# [Directions]
Before copying the entries, remove the pictures; everything else stays exactly as it is.
-*-
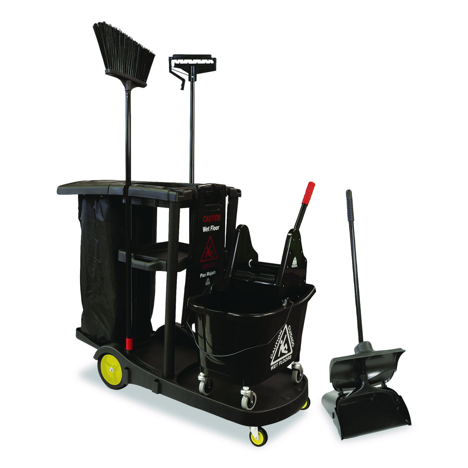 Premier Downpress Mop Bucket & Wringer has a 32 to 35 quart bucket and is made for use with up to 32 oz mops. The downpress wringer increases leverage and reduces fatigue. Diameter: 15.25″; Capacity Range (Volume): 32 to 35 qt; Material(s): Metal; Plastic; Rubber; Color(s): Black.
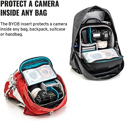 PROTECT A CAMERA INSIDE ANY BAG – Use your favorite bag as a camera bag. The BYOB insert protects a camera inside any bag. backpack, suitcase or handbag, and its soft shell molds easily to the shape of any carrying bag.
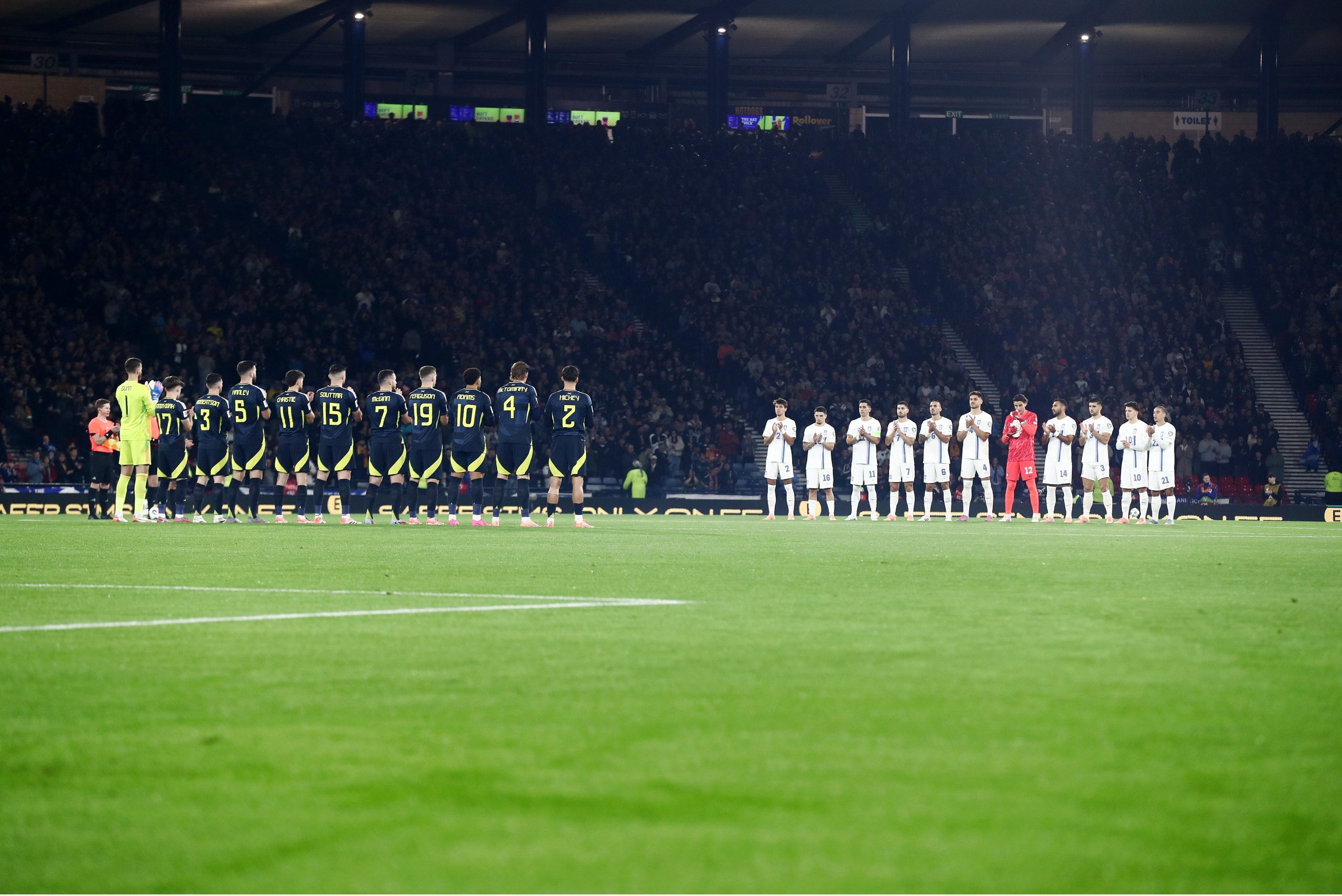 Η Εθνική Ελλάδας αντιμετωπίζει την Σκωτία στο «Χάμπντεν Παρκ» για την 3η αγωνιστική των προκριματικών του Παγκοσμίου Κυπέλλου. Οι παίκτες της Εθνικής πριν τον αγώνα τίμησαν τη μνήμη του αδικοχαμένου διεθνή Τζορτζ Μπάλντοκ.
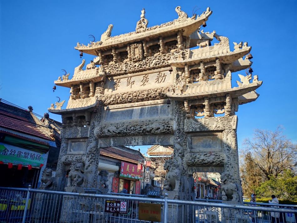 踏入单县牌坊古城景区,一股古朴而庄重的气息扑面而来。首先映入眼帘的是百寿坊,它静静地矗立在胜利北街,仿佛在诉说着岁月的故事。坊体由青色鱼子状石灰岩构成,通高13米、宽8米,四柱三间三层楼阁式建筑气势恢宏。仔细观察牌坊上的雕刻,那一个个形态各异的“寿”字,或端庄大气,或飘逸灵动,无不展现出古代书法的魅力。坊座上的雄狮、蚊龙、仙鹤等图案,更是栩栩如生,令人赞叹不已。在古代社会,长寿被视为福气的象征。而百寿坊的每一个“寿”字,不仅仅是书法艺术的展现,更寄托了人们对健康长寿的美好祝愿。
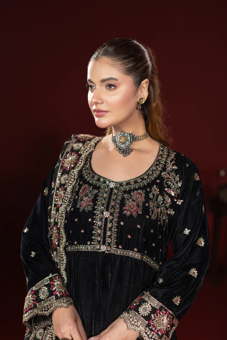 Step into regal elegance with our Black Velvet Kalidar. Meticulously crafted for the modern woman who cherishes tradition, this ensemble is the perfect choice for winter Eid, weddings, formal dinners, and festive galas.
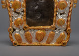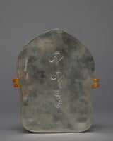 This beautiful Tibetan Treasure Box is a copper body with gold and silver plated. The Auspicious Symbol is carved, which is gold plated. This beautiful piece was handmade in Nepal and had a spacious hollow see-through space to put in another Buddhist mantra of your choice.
-*-
# [Answer space]
 Premier Downpress Mop Bucket & Wringer has a 32 to 35 quart bucket and is made for use with up to 32 oz mops. The downpress wringer increases leverage and reduces fatigue. Diameter: 15.25″; Capacity Range (Volume): 32 to 35 qt; Material(s): Metal; Plastic; Rubber; Color(s): Black.
 PROTECT A CAMERA INSIDE ANY BAG – Use your favorite bag as a camera bag. The BYOB insert protects a camera inside any bag. backpack, suitcase or handbag, and its soft shell molds easily to the shape of any carrying bag.
 Η Εθνική Ελλάδας αντιμετωπίζει την Σκωτία στο «Χάμπντεν Παρκ» για την 3η αγωνιστική των προκριματικών του Παγκοσμίου Κυπέλλου. Οι παίκτες της Εθνικής πριν τον αγώνα τίμησαν τη μνήμη του αδικοχαμένου διεθνή Τζορτζ Μπάλντοκ.
 踏入单县牌坊古城景区,一股古朴而庄重的气息扑面而来。首先映入眼帘的是百寿坊,它静静地矗立在胜利北街,仿佛在诉说着岁月的故事。坊体由青色鱼子状石灰岩构成,通高13米、宽8米,四柱三间三层楼阁式建筑气势恢宏。仔细观察牌坊上的雕刻,那一个个形态各异的“寿”字,或端庄大气,或飘逸灵动,无不展现出古代书法的魅力。坊座上的雄狮、蚊龙、仙鹤等图案,更是栩栩如生,令人赞叹不已。在古代社会,长寿被视为福气的象征。而百寿坊的每一个“寿”字,不仅仅是书法艺术的展现,更寄托了人们对健康长寿的美好祝愿。
 Step into regal elegance with our Black Velvet Kalidar. Meticulously crafted for the modern woman who cherishes tradition, this ensemble is the perfect choice for winter Eid, weddings, formal dinners, and festive galas.
 This beautiful Tibetan Treasure Box is a copper body with gold and silver plated. The Auspicious Symbol is carved, which is gold plated. This beautiful piece was handmade in Nepal and had a spacious hollow see-through space to put in another Buddhist mantra of your choice.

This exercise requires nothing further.